» **Data entries**:
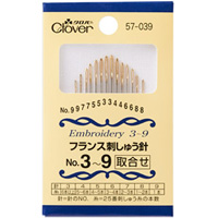 フランス刺しゅう針No.3〜9 57039 クロバー 刺繍 針 縫い針 ししゅう 手芸 裁縫 ソーイング用品 洋裁 ハンドクラフト
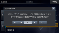 VICS・ブラウザ音声読み上げの音量を調整します(初期設定値は「4」)。
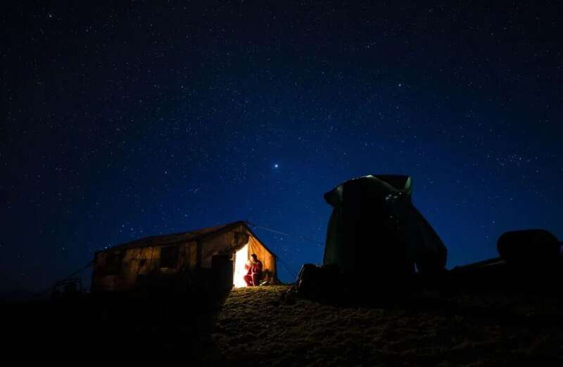 这是今年五一前夕,我和新疆日报记者蔡老师到物探队采访拍下的一张照片。在海拔3000多米的昆仑山巅,夜幕降临,辛苦了一天的钻井机组钻工们回到山顶临时宿营地,孤零零的小帐篷透出温暖的灯光,一名钻工坐在帐篷口吃晚饭,头顶是西昆仑的漫天星河,他们是找油找气的石油人,他们的工作既浪漫又艰辛。@王健
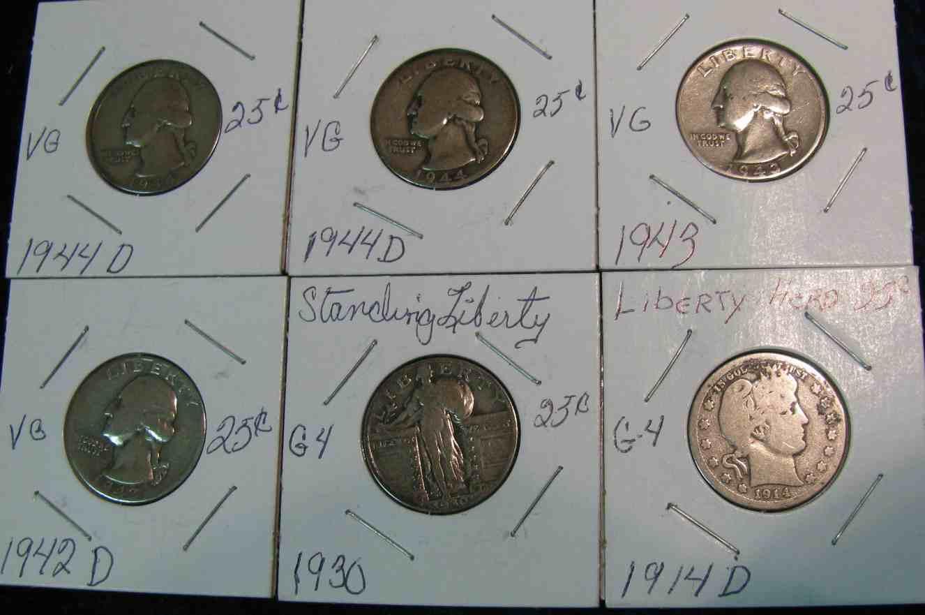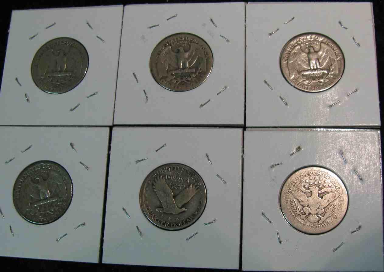 1045. 1914D, 30P, 42D, 43P, & (2) 44D Silver Quarters. G-VG.
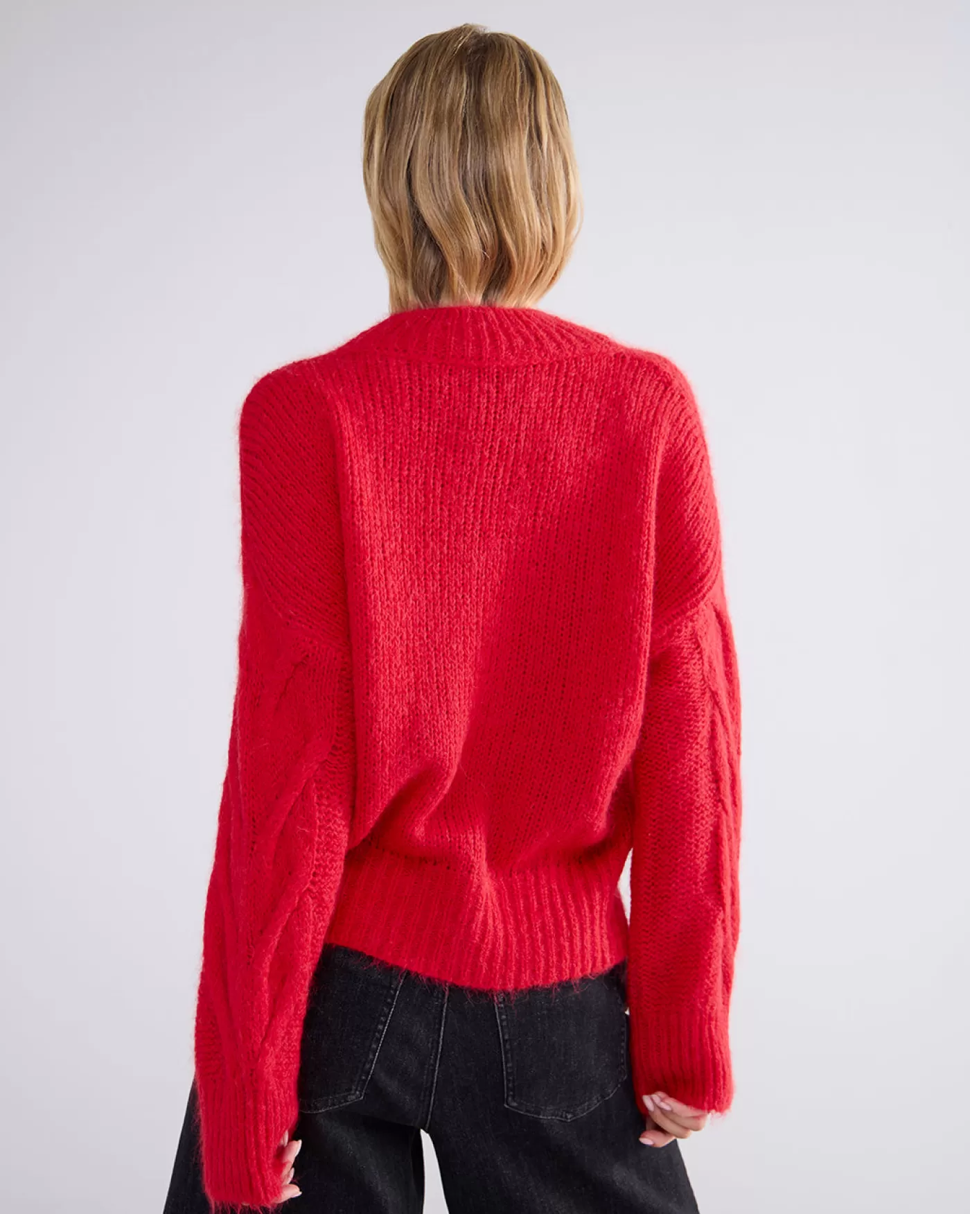 Stoere trui met grote ingebreide kabels op het voorpand en de mouwen. Gemaakt van een prachtige blend van 50% alpaca en 50% polyamide. normale fit ingebreide kabels alpaca-polyamide blend brede geribde boorden
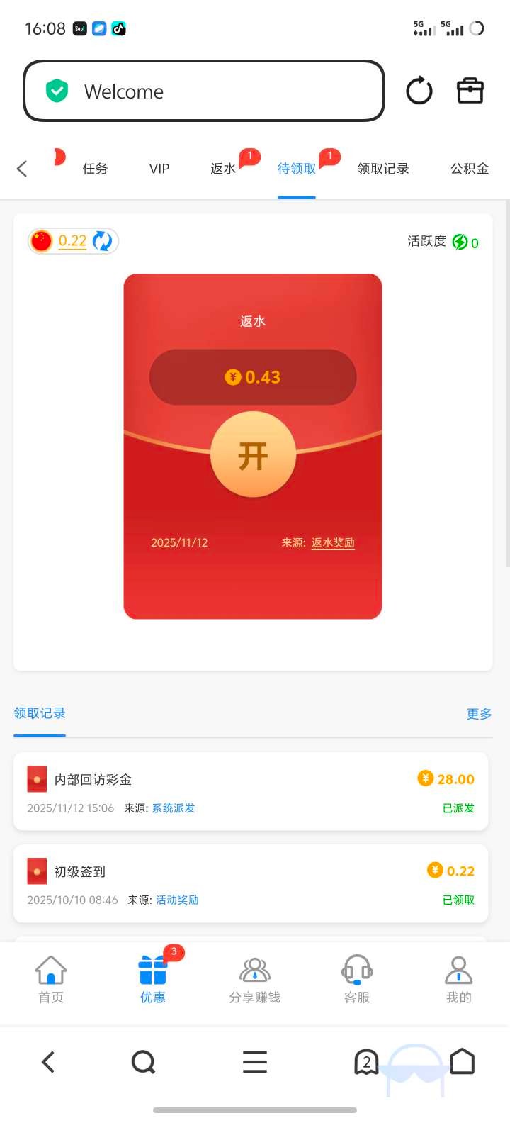 注册社区每日送10-50金币

» **EXERCISE DIRECTIONS**:
Your copy should hold exactly the lines from the one that contains "1045. 1914D, 30P, 42D, 43P, &" through the final line of the data, both ends included, and no pictures.

» **TASK OUTPUT**:
 1045. 1914D, 30P, 42D, 43P, & (2) 44D Silver Quarters. G-VG.
 Stoere trui met grote ingebreide kabels op het voorpand en de mouwen. Gemaakt van een prachtige blend van 50% alpaca en 50% polyamide. normale fit ingebreide kabels alpaca-polyamide blend brede geribde boorden
 注册社区每日送10-50金币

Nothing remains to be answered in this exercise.